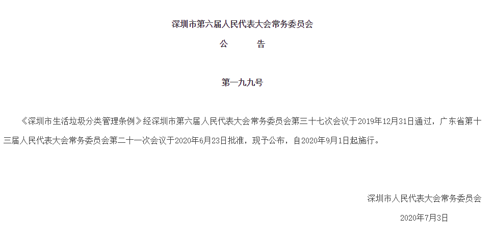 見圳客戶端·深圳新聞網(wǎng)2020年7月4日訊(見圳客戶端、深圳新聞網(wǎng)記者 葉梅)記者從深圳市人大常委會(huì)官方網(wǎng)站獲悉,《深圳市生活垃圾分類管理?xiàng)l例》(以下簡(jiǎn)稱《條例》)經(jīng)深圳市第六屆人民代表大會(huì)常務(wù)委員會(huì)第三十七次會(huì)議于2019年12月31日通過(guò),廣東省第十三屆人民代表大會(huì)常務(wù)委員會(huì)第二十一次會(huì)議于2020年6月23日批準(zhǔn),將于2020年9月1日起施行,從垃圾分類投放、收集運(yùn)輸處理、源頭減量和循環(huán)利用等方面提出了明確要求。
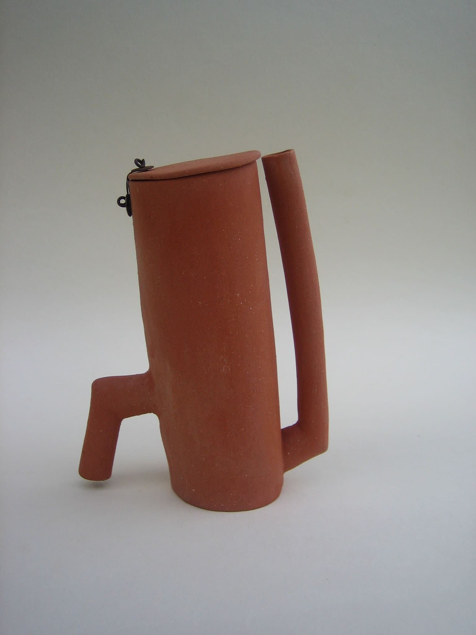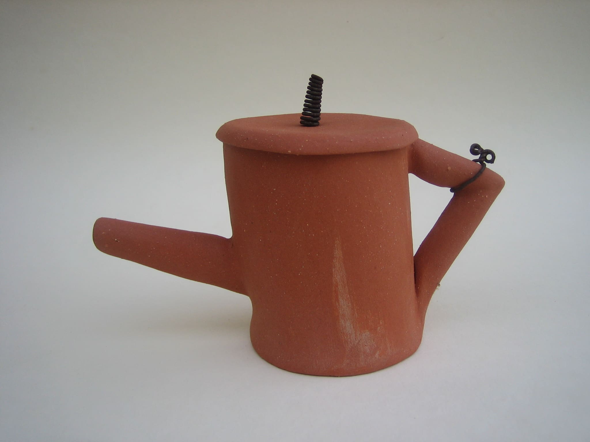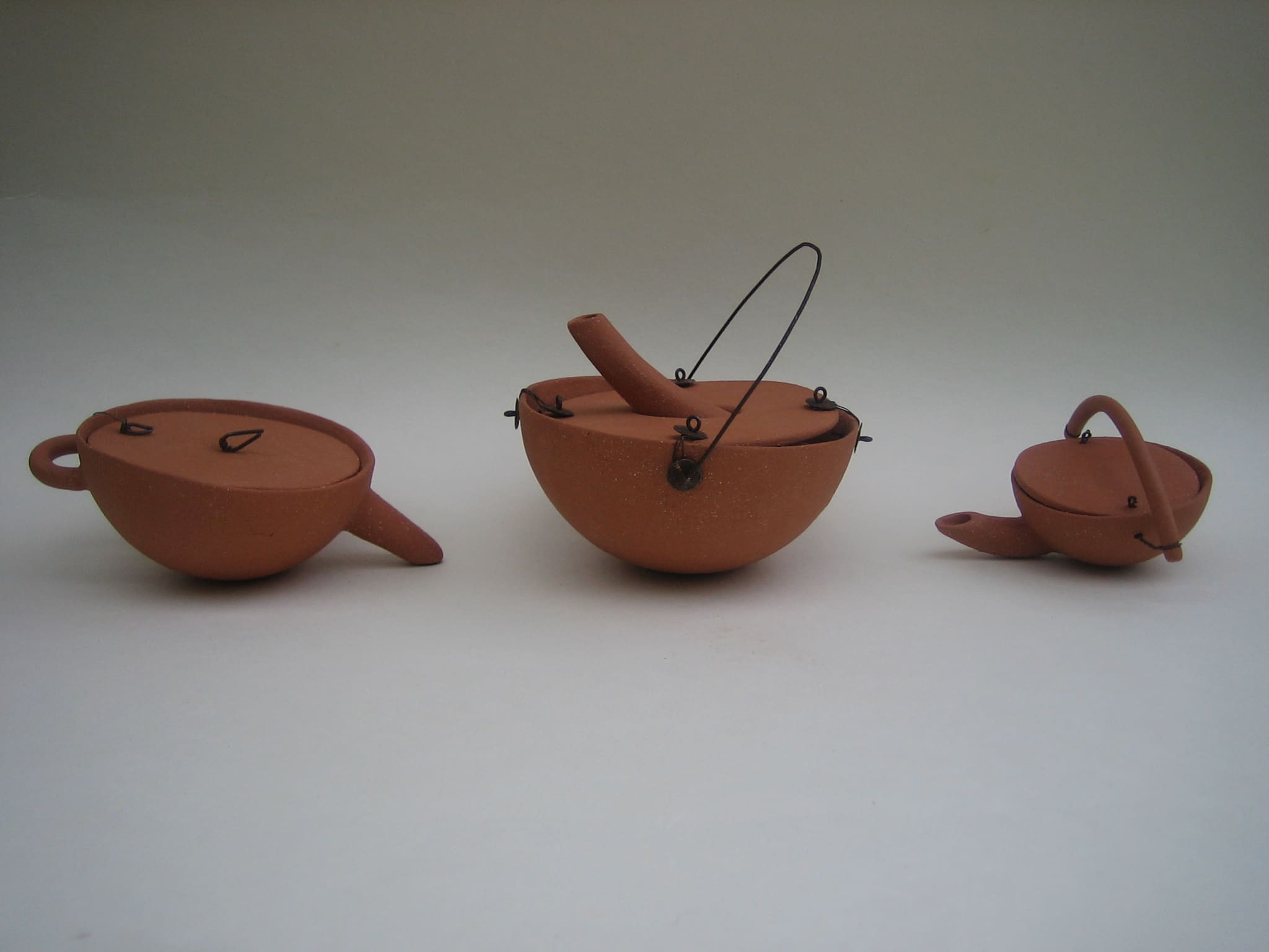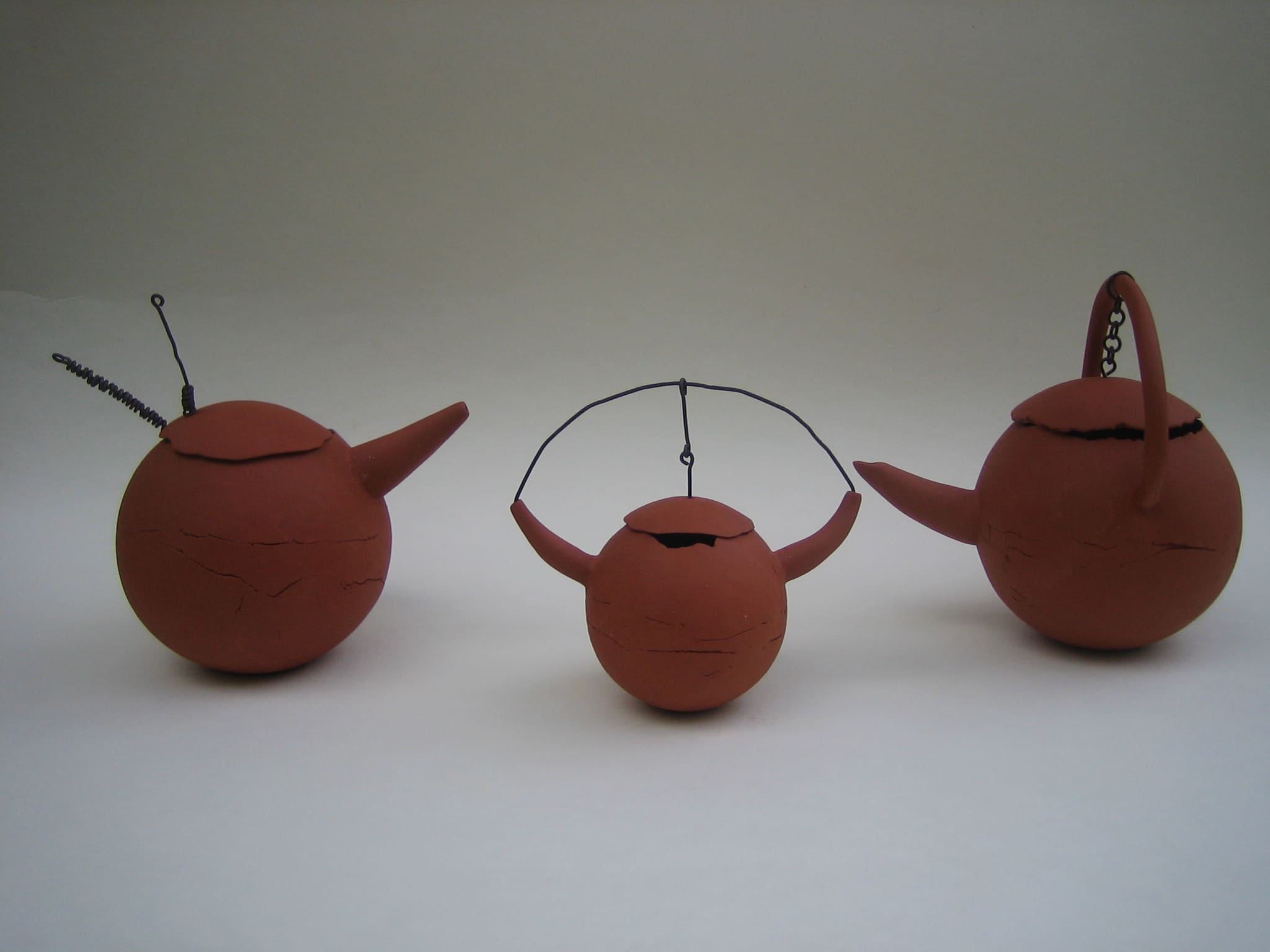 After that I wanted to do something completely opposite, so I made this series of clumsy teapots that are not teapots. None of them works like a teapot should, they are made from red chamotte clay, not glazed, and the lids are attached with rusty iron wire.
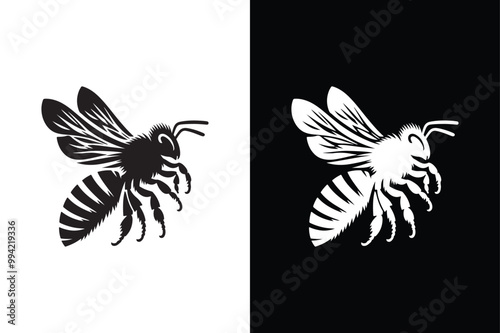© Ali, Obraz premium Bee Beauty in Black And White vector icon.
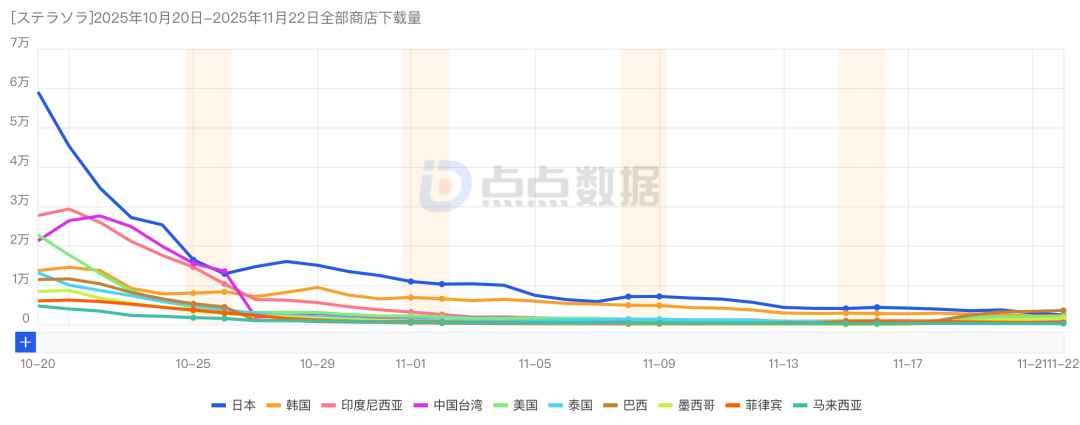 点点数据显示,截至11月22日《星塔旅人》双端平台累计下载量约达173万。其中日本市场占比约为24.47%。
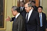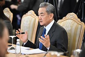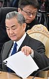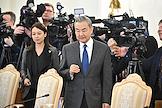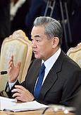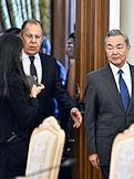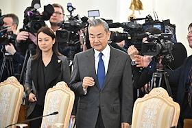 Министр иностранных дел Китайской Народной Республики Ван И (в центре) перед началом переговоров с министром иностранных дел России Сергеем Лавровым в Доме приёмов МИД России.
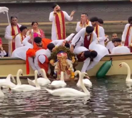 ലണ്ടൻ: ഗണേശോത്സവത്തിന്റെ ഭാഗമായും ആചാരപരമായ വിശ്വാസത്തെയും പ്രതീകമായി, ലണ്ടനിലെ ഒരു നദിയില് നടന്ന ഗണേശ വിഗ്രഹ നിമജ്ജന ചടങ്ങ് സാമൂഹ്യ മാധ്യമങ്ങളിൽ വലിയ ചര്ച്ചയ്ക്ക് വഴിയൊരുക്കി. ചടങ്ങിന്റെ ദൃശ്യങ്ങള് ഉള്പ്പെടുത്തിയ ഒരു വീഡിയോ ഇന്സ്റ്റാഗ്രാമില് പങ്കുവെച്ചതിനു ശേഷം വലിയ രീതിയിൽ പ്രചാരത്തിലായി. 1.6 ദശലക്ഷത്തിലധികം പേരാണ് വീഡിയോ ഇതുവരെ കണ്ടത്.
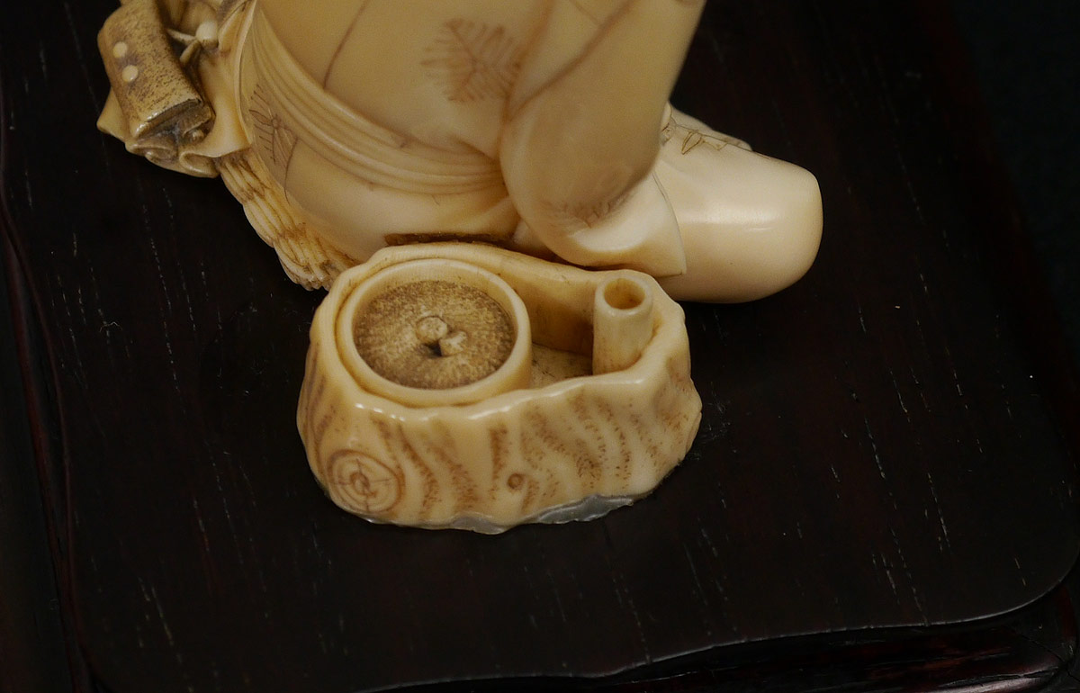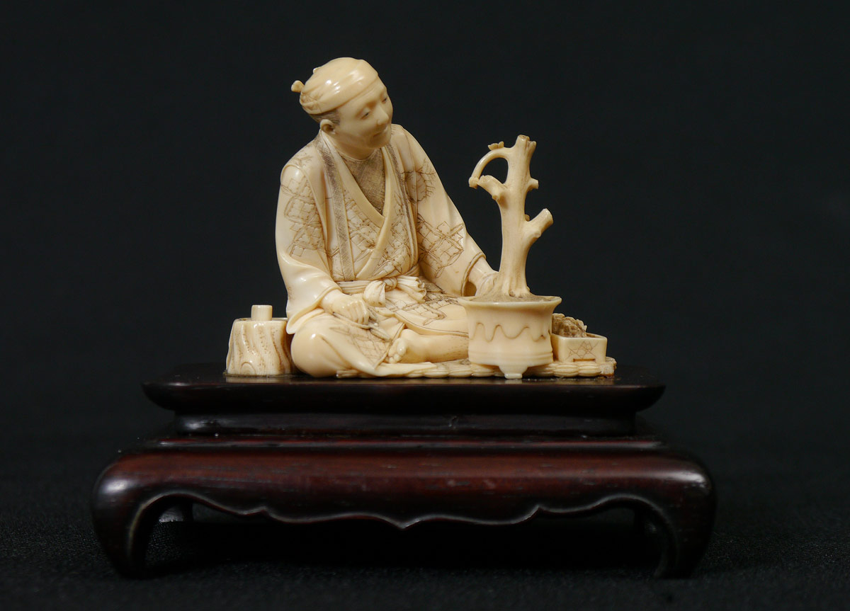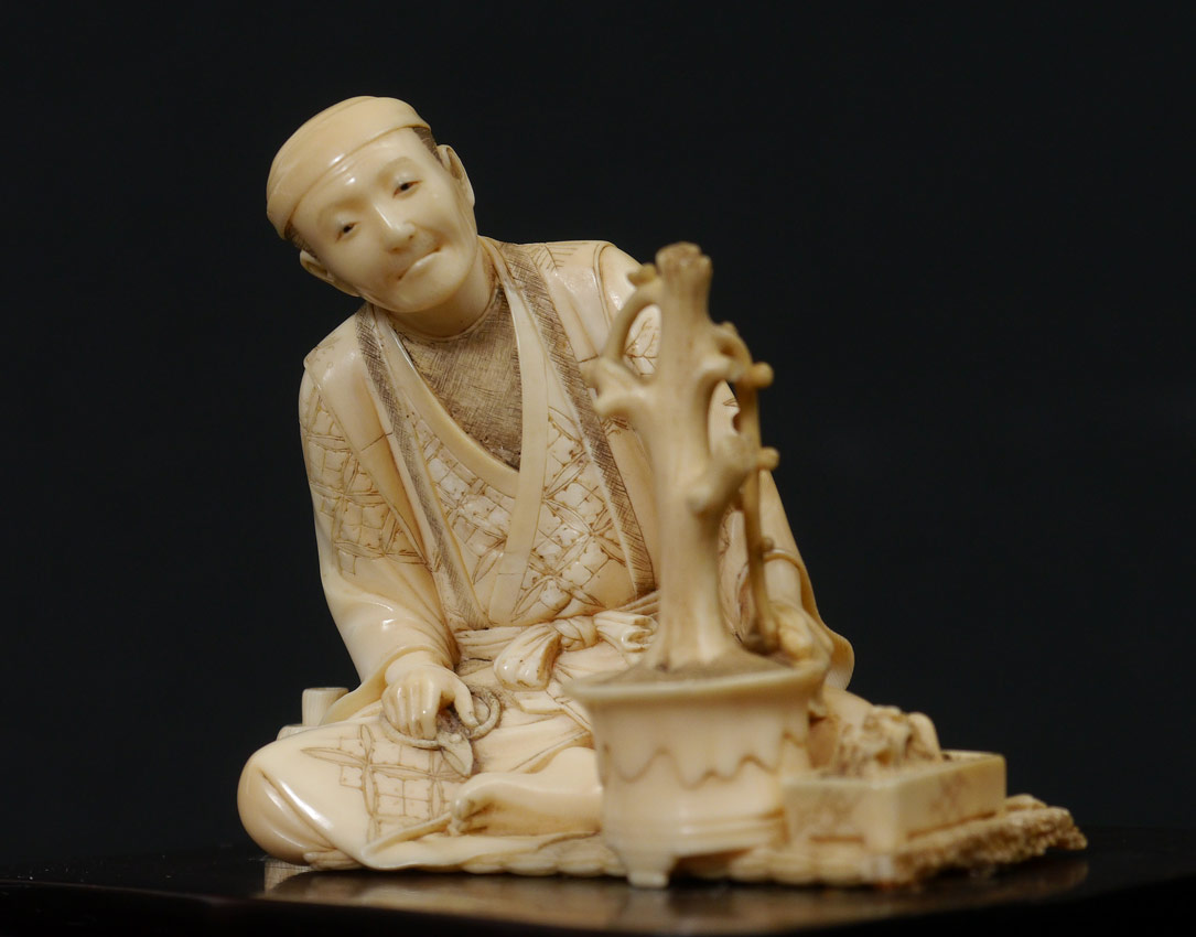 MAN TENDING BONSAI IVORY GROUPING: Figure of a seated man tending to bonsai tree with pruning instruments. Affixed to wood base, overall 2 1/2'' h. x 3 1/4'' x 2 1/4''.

■ **What you should do**
Every record above, copied exactly and without a single picture, makes up the answer.

■ **Response to the task**
 見圳客戶端·深圳新聞網(wǎng)2020年7月4日訊(見圳客戶端、深圳新聞網(wǎng)記者 葉梅)記者從深圳市人大常委會(huì)官方網(wǎng)站獲悉,《深圳市生活垃圾分類管理?xiàng)l例》(以下簡(jiǎn)稱《條例》)經(jīng)深圳市第六屆人民代表大會(huì)常務(wù)委員會(huì)第三十七次會(huì)議于2019年12月31日通過(guò),廣東省第十三屆人民代表大會(huì)常務(wù)委員會(huì)第二十一次會(huì)議于2020年6月23日批準(zhǔn),將于2020年9月1日起施行,從垃圾分類投放、收集運(yùn)輸處理、源頭減量和循環(huán)利用等方面提出了明確要求。
 After that I wanted to do something completely opposite, so I made this series of clumsy teapots that are not teapots. None of them works like a teapot should, they are made from red chamotte clay, not glazed, and the lids are attached with rusty iron wire.
© Ali, Obraz premium Bee Beauty in Black And White vector icon.
 点点数据显示,截至11月22日《星塔旅人》双端平台累计下载量约达173万。其中日本市场占比约为24.47%。
 Министр иностранных дел Китайской Народной Республики Ван И (в центре) перед началом переговоров с министром иностранных дел России Сергеем Лавровым в Доме приёмов МИД России.
 ലണ്ടൻ: ഗണേശോത്സവത്തിന്റെ ഭാഗമായും ആചാരപരമായ വിശ്വാസത്തെയും പ്രതീകമായി, ലണ്ടനിലെ ഒരു നദിയില് നടന്ന ഗണേശ വിഗ്രഹ നിമജ്ജന ചടങ്ങ് സാമൂഹ്യ മാധ്യമങ്ങളിൽ വലിയ ചര്ച്ചയ്ക്ക് വഴിയൊരുക്കി. ചടങ്ങിന്റെ ദൃശ്യങ്ങള് ഉള്പ്പെടുത്തിയ ഒരു വീഡിയോ ഇന്സ്റ്റാഗ്രാമില് പങ്കുവെച്ചതിനു ശേഷം വലിയ രീതിയിൽ പ്രചാരത്തിലായി. 1.6 ദശലക്ഷത്തിലധികം പേരാണ് വീഡിയോ ഇതുവരെ കണ്ടത്.
 MAN TENDING BONSAI IVORY GROUPING: Figure of a seated man tending to bonsai tree with pruning instruments. Affixed to wood base, overall 2 1/2'' h. x 3 1/4'' x 2 1/4''.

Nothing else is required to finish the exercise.